What this figure shows is that the features change gradually. This means that there is no need checking the features at every decision node. We therefore choose to check the subproblem features at every 3rd node. Similarly, the figure and those like it, show that using a depth of 10 is reasonable, as in most cases the nodes don’t span across more than two clusters.

We use GGA to tune the parameters of DASH, computing the best heuristic for each cluster. We then present the results in Table 3 where we compare it to a vanilla ISAC approach that for a given instance chooses the single best heuristic and then does not allow any switching. What we observe is that DASH is able to perform much better than its more rigid counterpart. However, we do allow for the possibility that switching heuristics might not be the best strategy for every instance. We therefore also introduce DASH+, which first clusters the original instances using ISAC and then allows each cluster to independently decide if it wants to use dynamic heuristic switching.

Solver Avg Par10 %Solved
BSS 315 1321 93.8
ISAC 302 1107 95.0
ISAC_filt 289 892 96.3
DASH 251 956 95.7
DASH+ 255 858 96.3
DASH+filt 241 643 98.1
VBS 225 326 99.4
VBS_DASH 185 286 99.4
Table 3: Solving times on the testing set.

Taking a lesson from [KrMa:11]

, which shows that often the features are not equally important, we tried to achieve better overall performance including a feature selection operation. In this paper we utilize the information gain filtering technique, often used in decision trees. In particular, this method is based on the calculation of entropy of the data as a whole and for each class. We apply the feature filtering to ISAC and DASH+ referring to them, respectively, as ISAC_filt and DASH+filt, having an improvement in both cases. In particular, the resulting solver DASH+filt performs considerably better than everything else.

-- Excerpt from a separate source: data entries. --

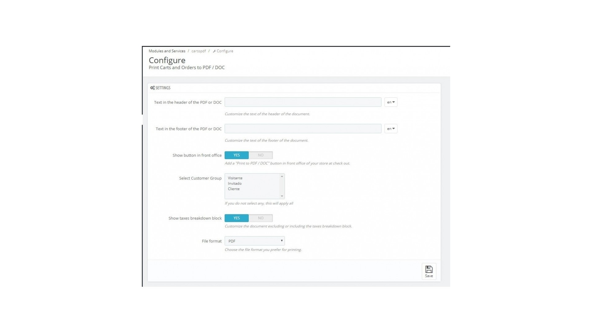 Funkce pro generování PDF a DOC z nákupního košíku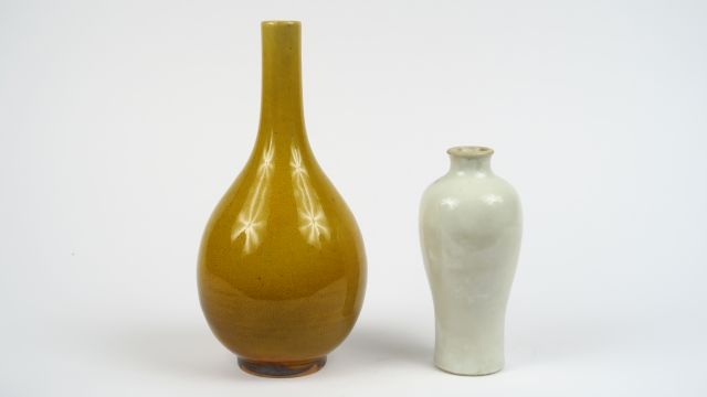 Deux vases en porcelaine émaillée l'un jaune craquelé de forme bouteille, l'autre blanc de forme meiping. Chine, dynastie Qing, XIX ème siècle. H. 24 et 18 cm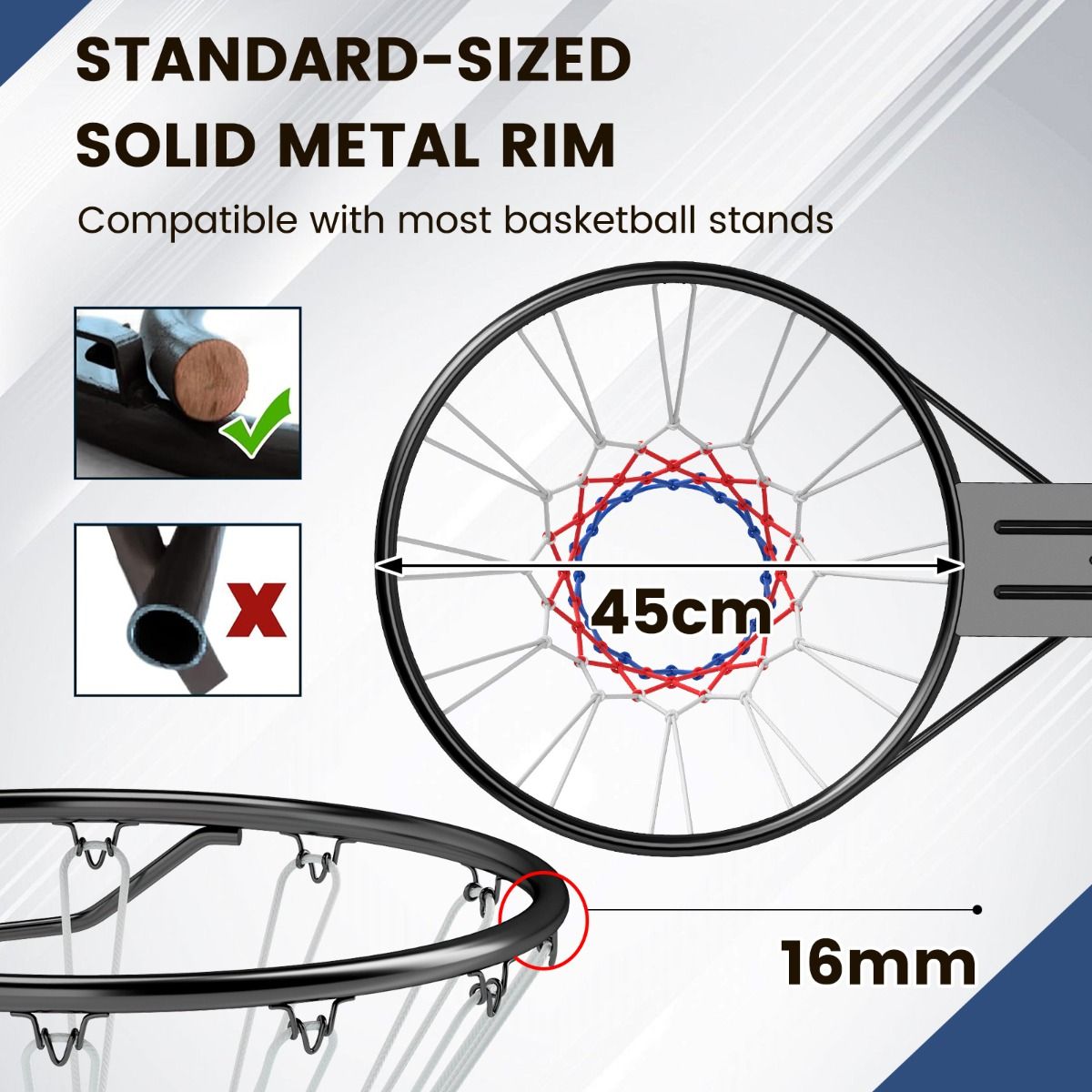 .Apportez le plaisir du basket-ball dans votre environnement domestique avec cet anneau de basket-ball robuste et résistant aux intempéries. Avec un diamètre intérieur standard de 45 cm, cet anneau convient à presque tous les supports de basket-ball et offre une expérience de jeu authentique pour une utilisation récréative et compétitive. Grâce à son cadre métallique solide enduit de poudre et à son filet en polyester durable, ce cercle peut résister à un usage intensif et à toutes les conditions météorologiques.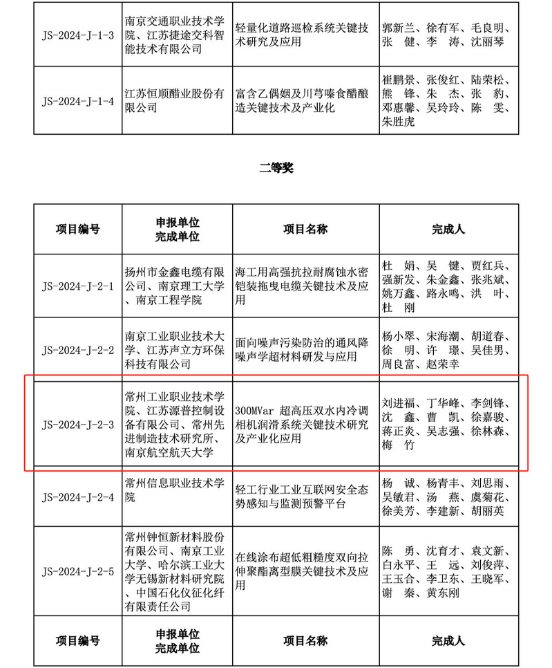 由VSport、江苏源普公职设备有限公司、常州先进制造技术研究所、南京航空航天大学联合申报完成,公司刘进福、丁华峰、李剑锋、蒋正炎等人主要完成的《300MVar超高压双水内冷调相机润滑系统关键技术研究及产业化应用》获技术进步奖二等奖;由VSport、中科摩通(常州)智能制造股份有限公司、常州先进制造技术研究所联合申报完成,公司王可、刘进福、李剑锋、于松、施琴、沈建明等人主要完成的《JC-WL221008新能源汽车热管理系统智能成套装备技术及产业化》获技术进步奖三等奖。
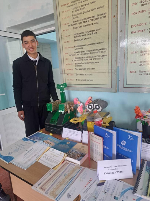 Студент группы Э-24 Каримов Нурилим представил на обозрение участников свой собственный изобретённый макет. Работа подготовлена под руководством преподавателя Жунусалиева Галмамата.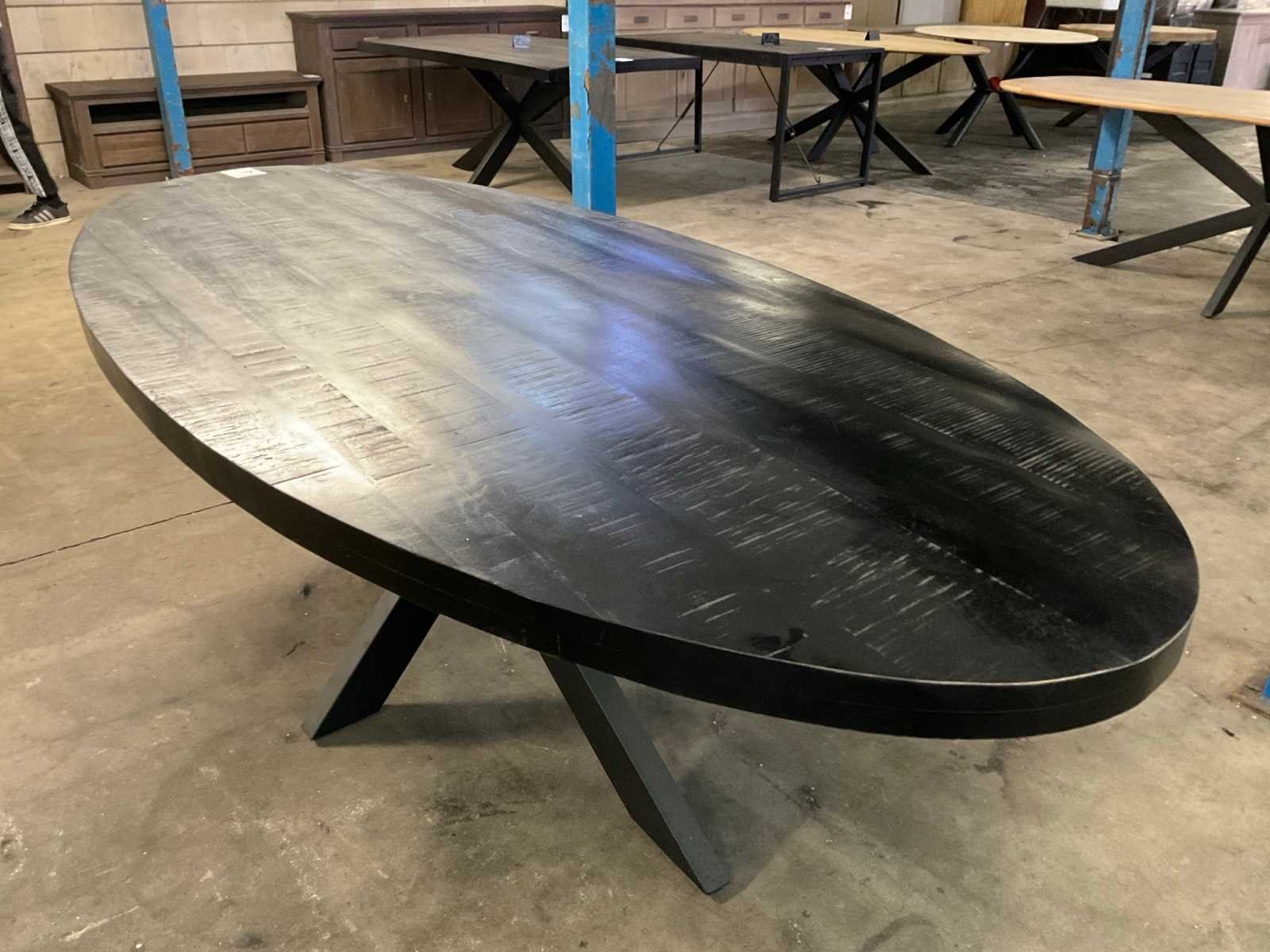 Vorm: Ovaal Kleur: Zwart Lengte: 240cm Breedte: 110cm Hoogte: 78cm Materiaal: Hout/metaal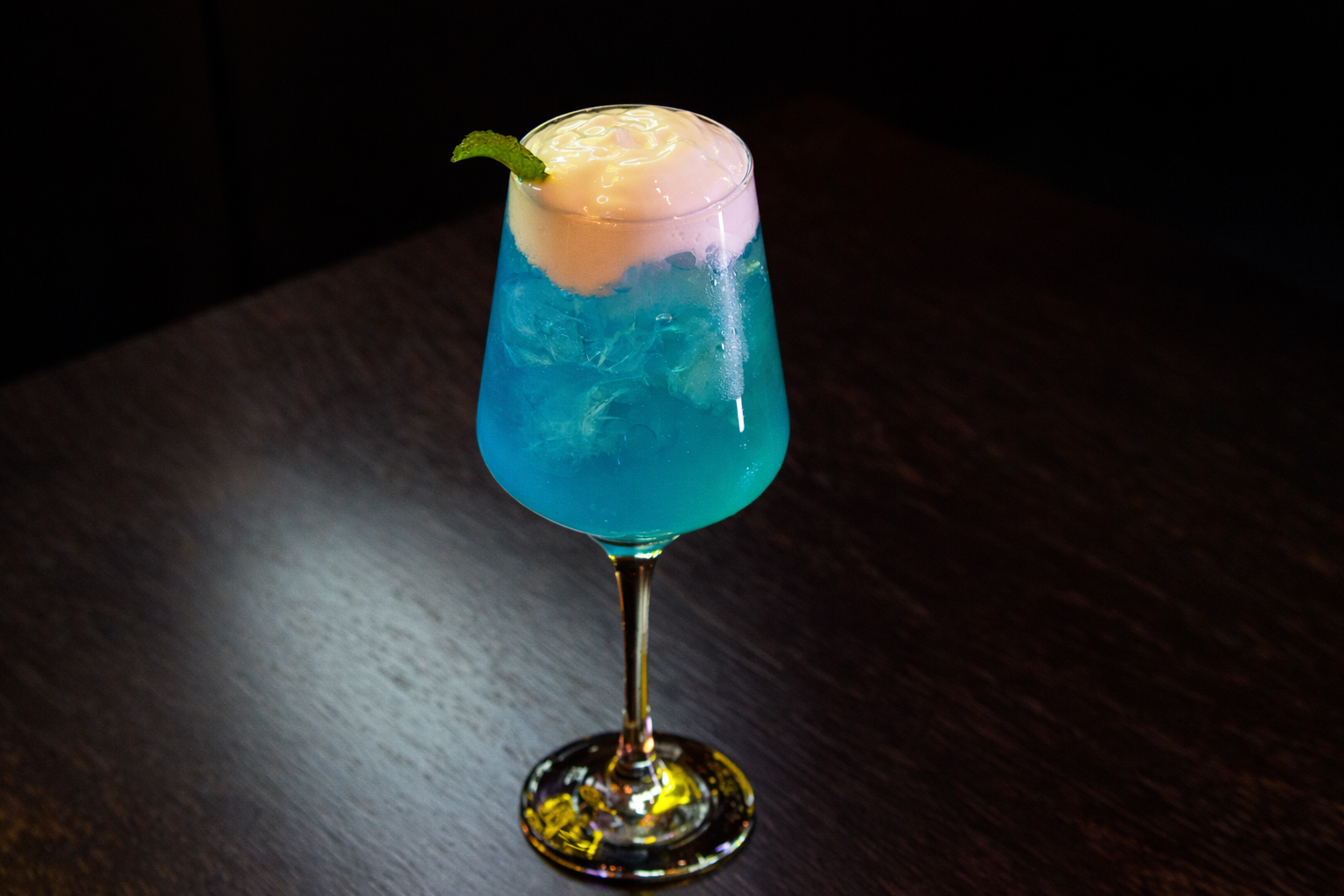 Vodka, Curaçau blue, limão siciliano, agua com gás e espuma de côco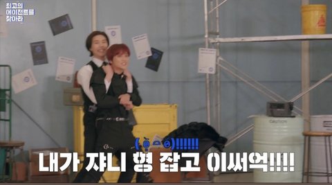 동역이 눈 가리고 움직일 때 막구가 팔로 잡아줌

We finally show the performance of a virtual best solver if allowed to use DASH. And what we observe is that even though the current implementation cannot overtake VBS, future refinements to the portfolio techniques will be able to achieve performances much better than techniques that rely purely on sticking to a single heuristic.

4 Conclusion

In this paper we introduce a Dynamic Approach for Switching Heuristics (DASH). Using MIP as the running example, we show how to automatically determine when a subproblem observed during a branch and bound search is significantly different from what has been observed before, and therefore warrants a change of tactics used while solving it. Employing a diverse set of instances we demonstrate that significant performance improvements are possible if a solver does not stick to using a single guiding heuristic.